### Source material
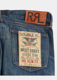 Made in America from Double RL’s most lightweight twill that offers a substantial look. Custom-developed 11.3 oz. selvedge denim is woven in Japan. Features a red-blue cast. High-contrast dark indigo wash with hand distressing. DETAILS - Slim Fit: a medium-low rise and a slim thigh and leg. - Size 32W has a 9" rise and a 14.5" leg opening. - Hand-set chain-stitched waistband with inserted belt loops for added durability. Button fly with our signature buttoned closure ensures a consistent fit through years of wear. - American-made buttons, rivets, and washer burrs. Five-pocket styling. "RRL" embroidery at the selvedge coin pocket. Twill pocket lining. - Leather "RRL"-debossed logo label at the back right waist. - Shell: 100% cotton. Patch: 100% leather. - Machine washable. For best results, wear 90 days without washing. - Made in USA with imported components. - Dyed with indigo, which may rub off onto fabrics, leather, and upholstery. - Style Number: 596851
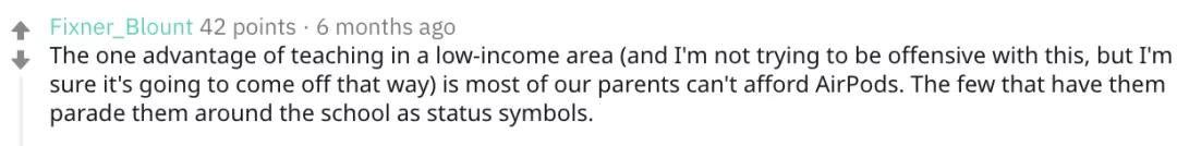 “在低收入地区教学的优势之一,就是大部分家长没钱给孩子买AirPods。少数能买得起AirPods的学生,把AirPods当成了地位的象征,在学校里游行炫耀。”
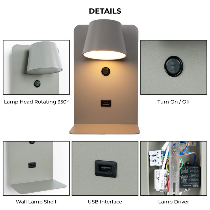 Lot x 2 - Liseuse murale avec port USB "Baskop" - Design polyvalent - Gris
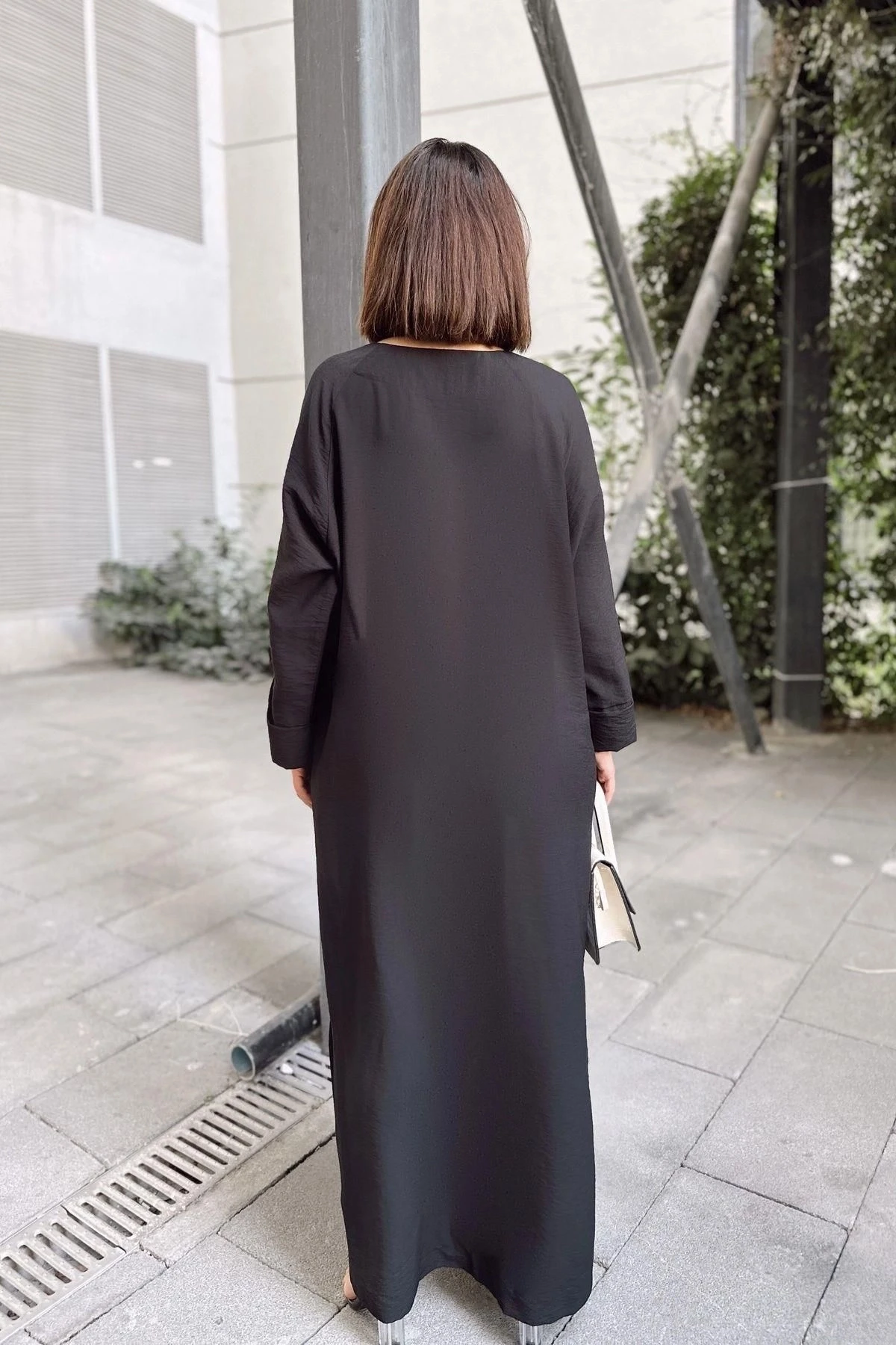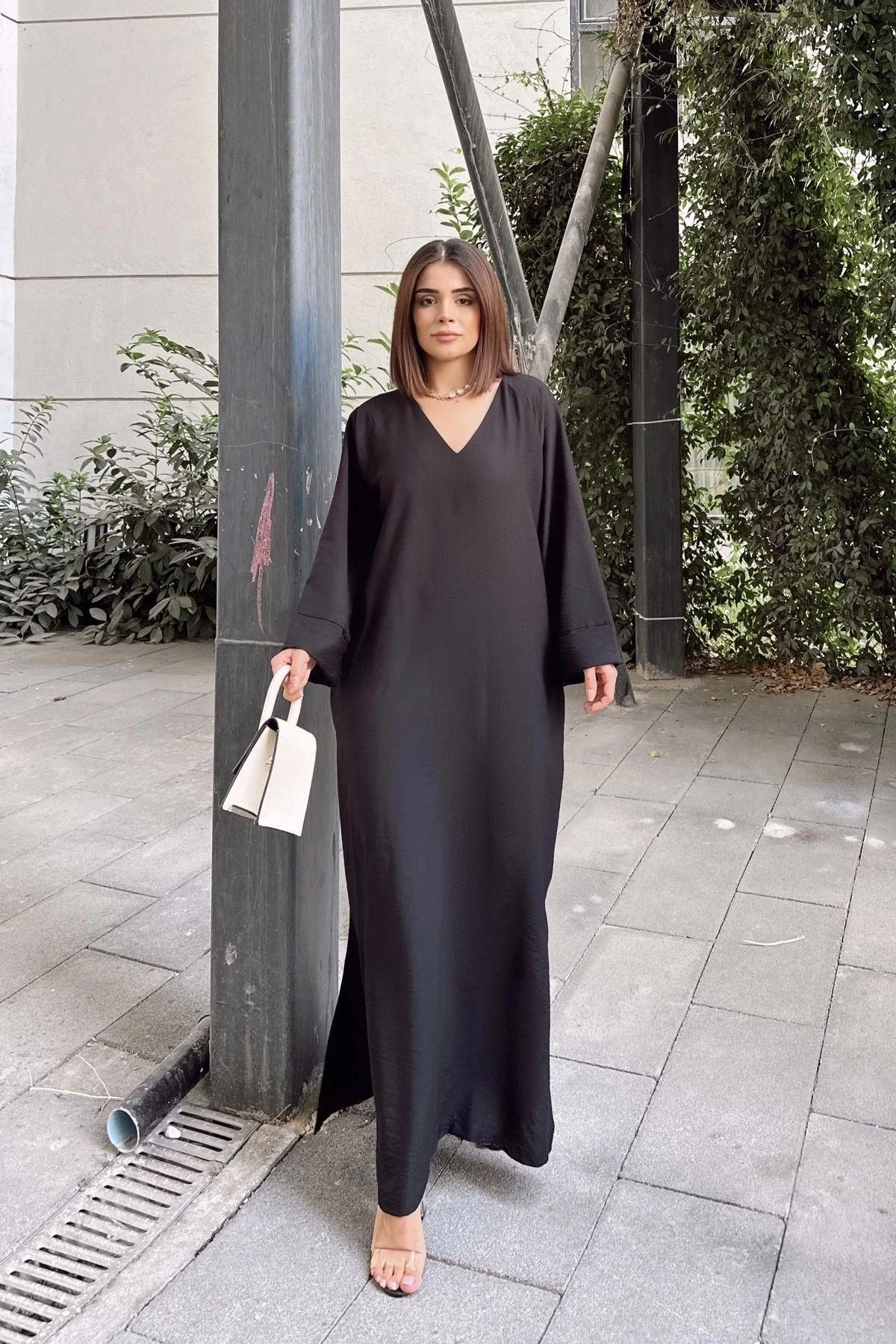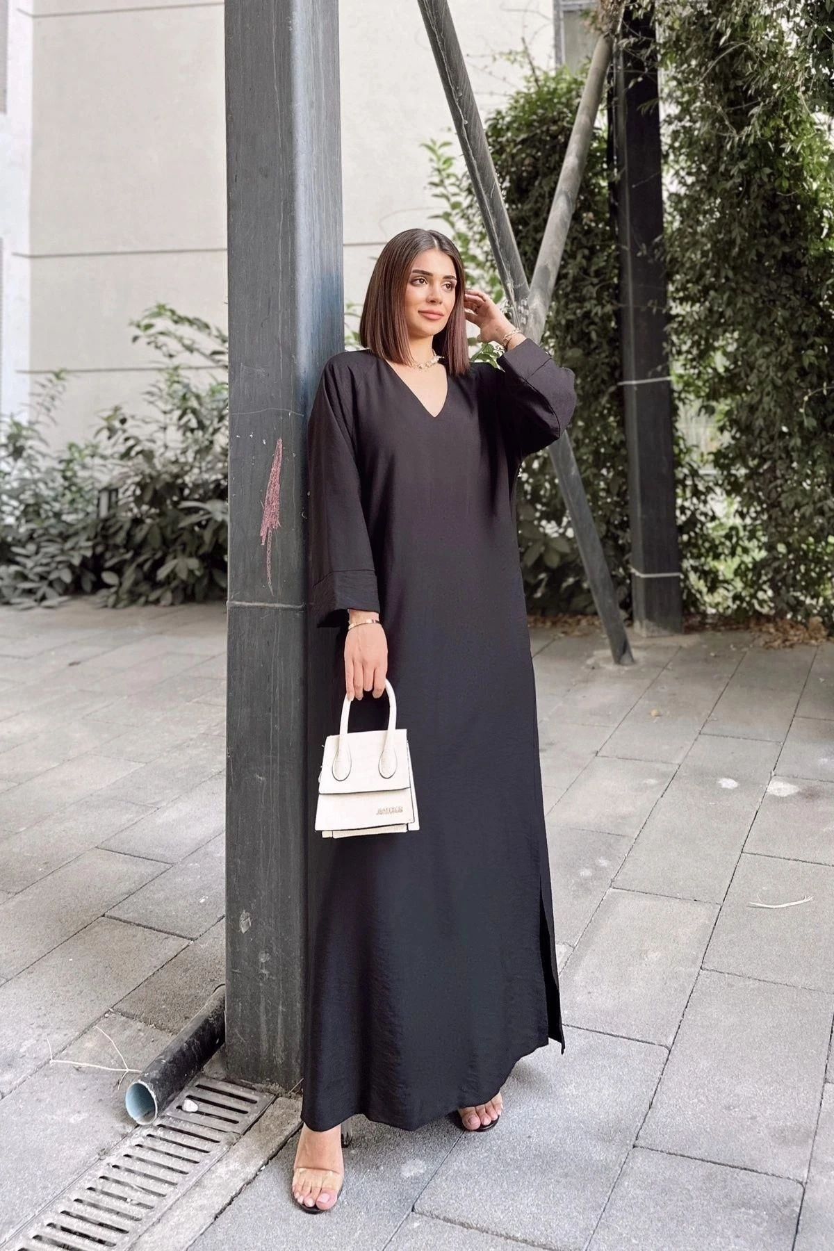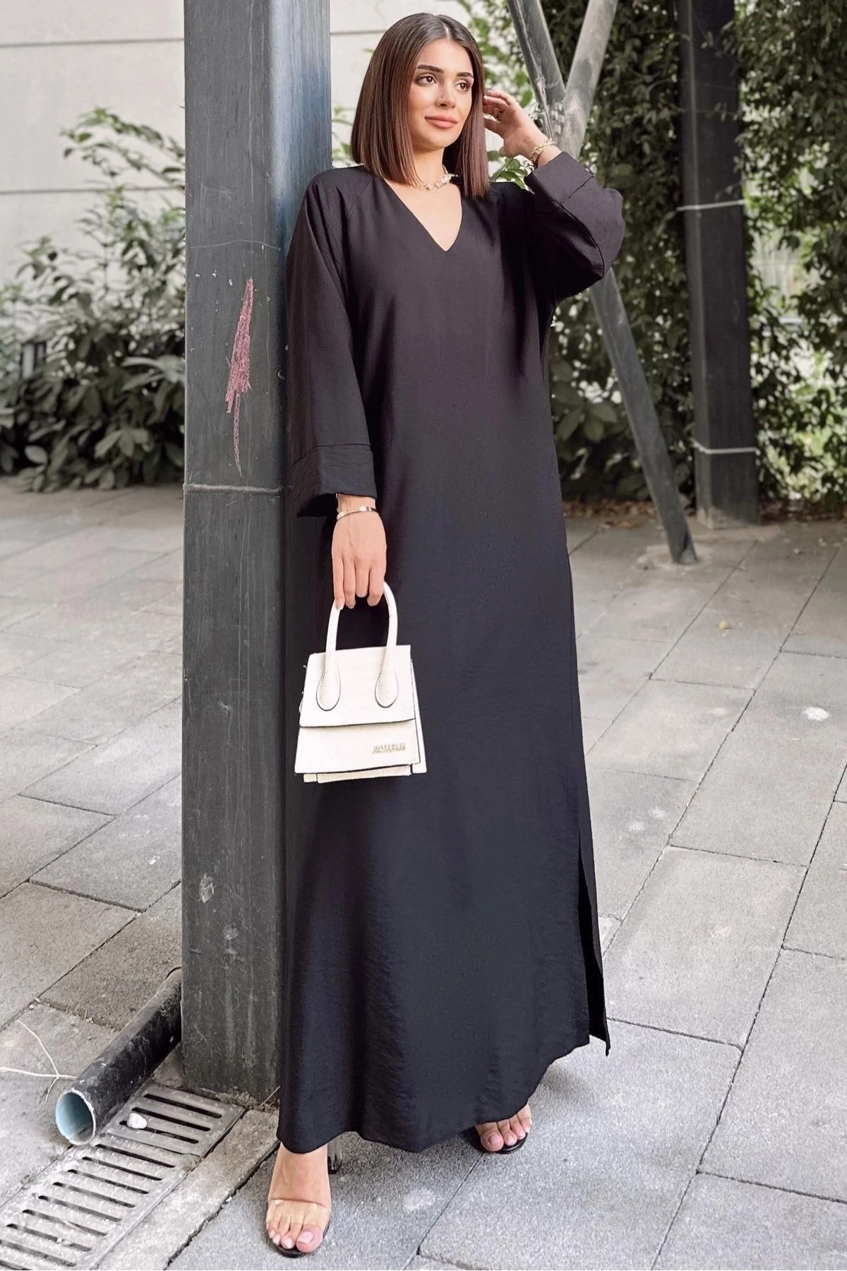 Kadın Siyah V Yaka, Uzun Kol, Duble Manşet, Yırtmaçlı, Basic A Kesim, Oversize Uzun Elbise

### Problem to work on
Transcribe the whole listing, character for character, but not its images.

### Exercise answer
 Made in America from Double RL’s most lightweight twill that offers a substantial look. Custom-developed 11.3 oz. selvedge denim is woven in Japan. Features a red-blue cast. High-contrast dark indigo wash with hand distressing. DETAILS - Slim Fit: a medium-low rise and a slim thigh and leg. - Size 32W has a 9" rise and a 14.5" leg opening. - Hand-set chain-stitched waistband with inserted belt loops for added durability. Button fly with our signature buttoned closure ensures a consistent fit through years of wear. - American-made buttons, rivets, and washer burrs. Five-pocket styling. "RRL" embroidery at the selvedge coin pocket. Twill pocket lining. - Leather "RRL"-debossed logo label at the back right waist. - Shell: 100% cotton. Patch: 100% leather. - Machine washable. For best results, wear 90 days without washing. - Made in USA with imported components. - Dyed with indigo, which may rub off onto fabrics, leather, and upholstery. - Style Number: 596851
 “在低收入地区教学的优势之一,就是大部分家长没钱给孩子买AirPods。少数能买得起AirPods的学生,把AirPods当成了地位的象征,在学校里游行炫耀。”
 Lot x 2 - Liseuse murale avec port USB "Baskop" - Design polyvalent - Gris
 Kadın Siyah V Yaka, Uzun Kol, Duble Manşet, Yırtmaçlı, Basic A Kesim, Oversize Uzun Elbise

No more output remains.